As I get older I'm always startled to discover that my taste in desserts has changed so much from that of my childhood. Now I'm particularly fond of lemon, caramel and vanilla desserts. But when I was a kid, there was only three types of desserts I was interested in: chocolate cake, chocolate ice cream and chocolate chip cookies.
In fact, rice pudding seemed incredibly repulsive to me, mostly because I associated it with tapioca pudding and it had raisins in it (I hated raisins).
But for some reason, my mom was cooking up a batch of it a few years ago, and when I reluctantly gave it a try, I was surprised by how yummy it was.
Rice pudding, when prepared correctly, is creamy without being gummy, subtly flavoured with vanilla and cinnamon, with just a few raisins studded throughout. To achieve this I prefer Basmati rice and stop cooking the mixture while it's still a bit creamy so that it has some room to thicken up without being a pile of glue.
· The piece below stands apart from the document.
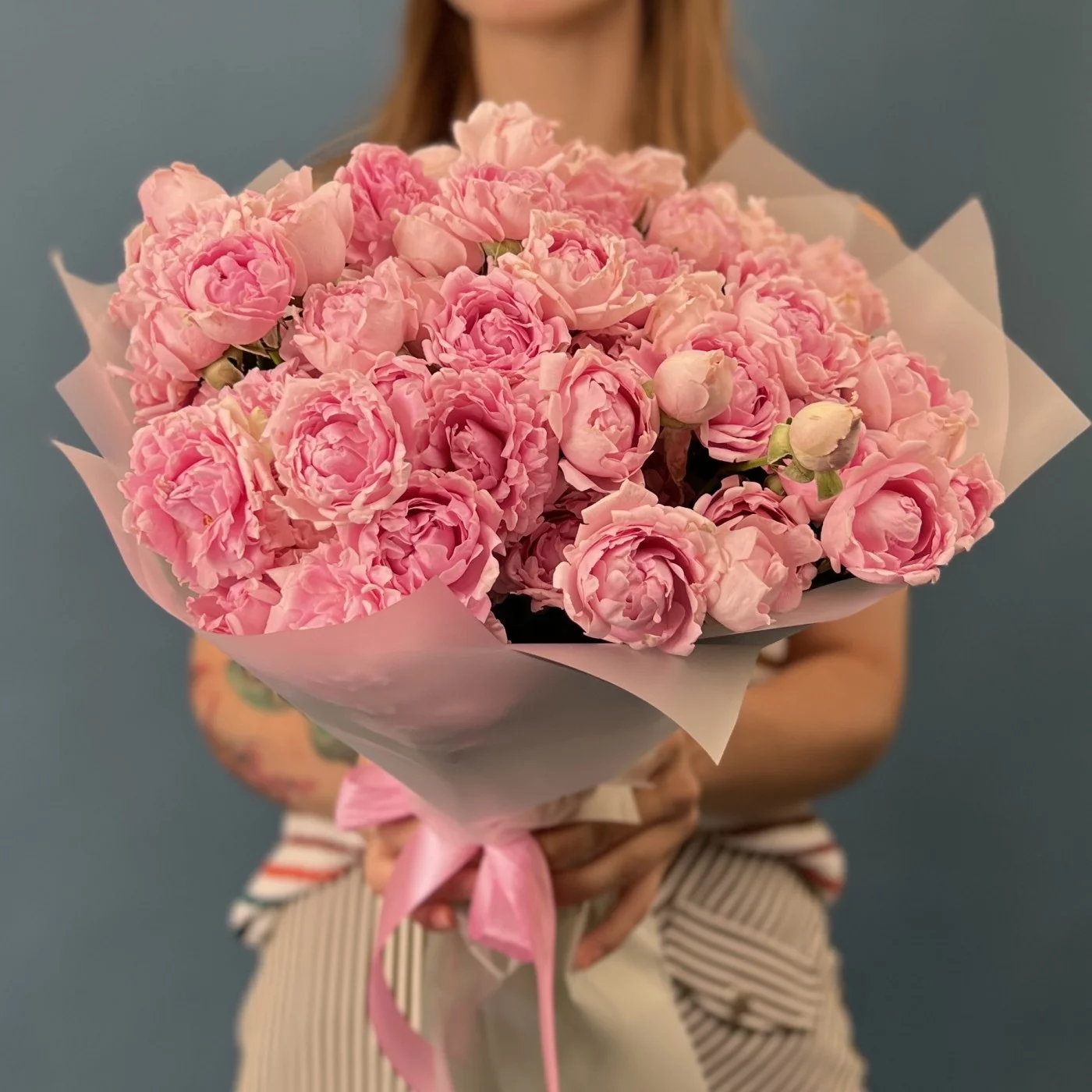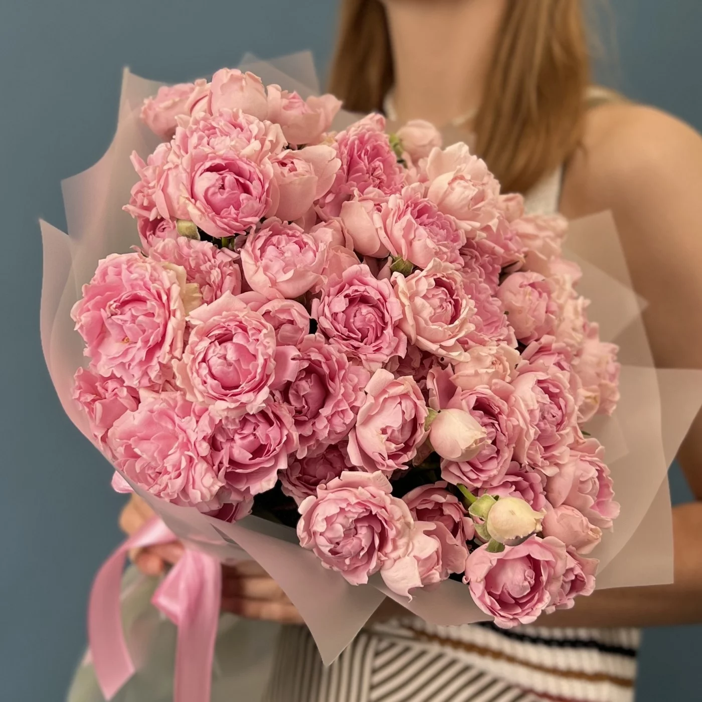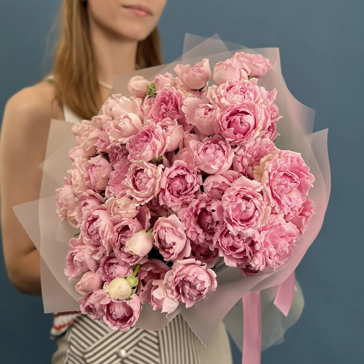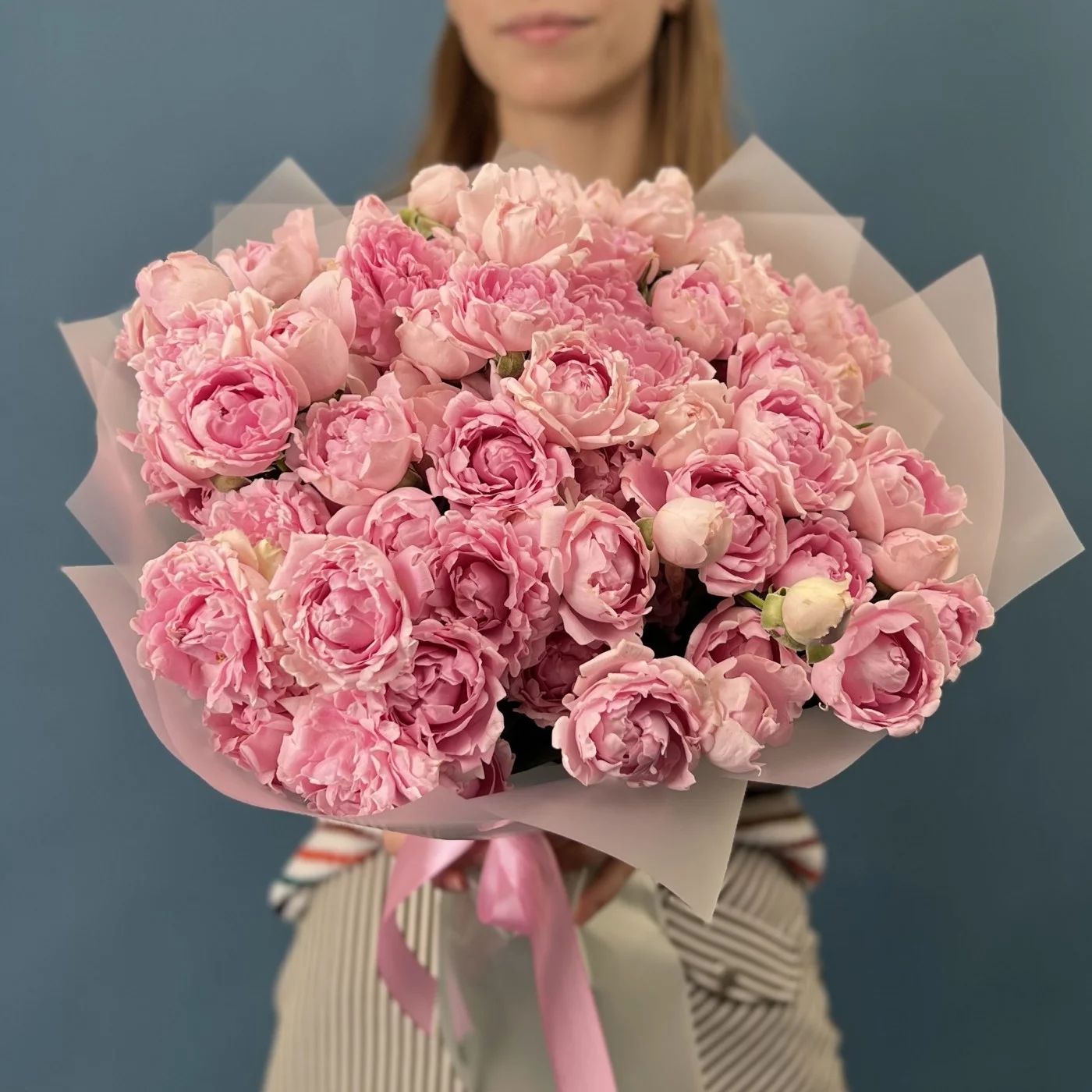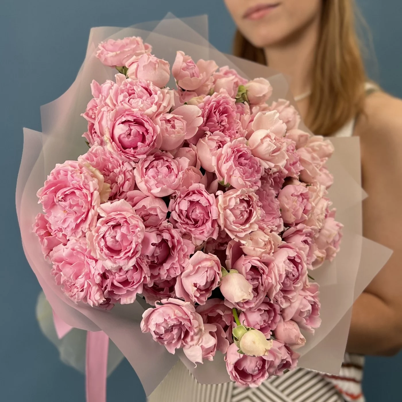 Букет из 25 кустовых пионовидных роз сорта Кэнди Флоу в изысканном сиреневом оттенке длиной 40 см — это поистине впечатляющее воплощение элегантности и утончённой красоты. Обильные пышные пионовидные бутоны с бархатистыми лепестками раскрываются в воздушные, объемные цветы, наполняя композицию насыщенным сиреневым сиянием и изысканной гармонией.

If you haven't been a fan of rice pudding before, don't totally write it off. While chocolate is fabulous, there is room for some vanilla now and again!
(Note: this recipe makes 2 large portions, but is easily doubled)
2 1/2 cups milk
1/3 cup white rice (I prefer Basmati)
1/8 tsp. salt
1/4 cup sugar
1 tsp. vanilla
1/4 tsp. cinnamon
1/4 cup raisins
1. Combine milk, rice and salt in a saucepan, and bring to a boil on high heat.
2. Reduce the heat to medium, and simmer for 10 minutes. Stir frequently to prevent the mixture from sticking to the bottom.
3. Add sugar, vanilla, cinnamon and raisins and cook for another 10 minutes, stirring frequently.
4. The pudding is ready when the rice is tender, the pudding has thickened, but is still somewhat creamy. Remove from heat and allow to cool before refrigerating.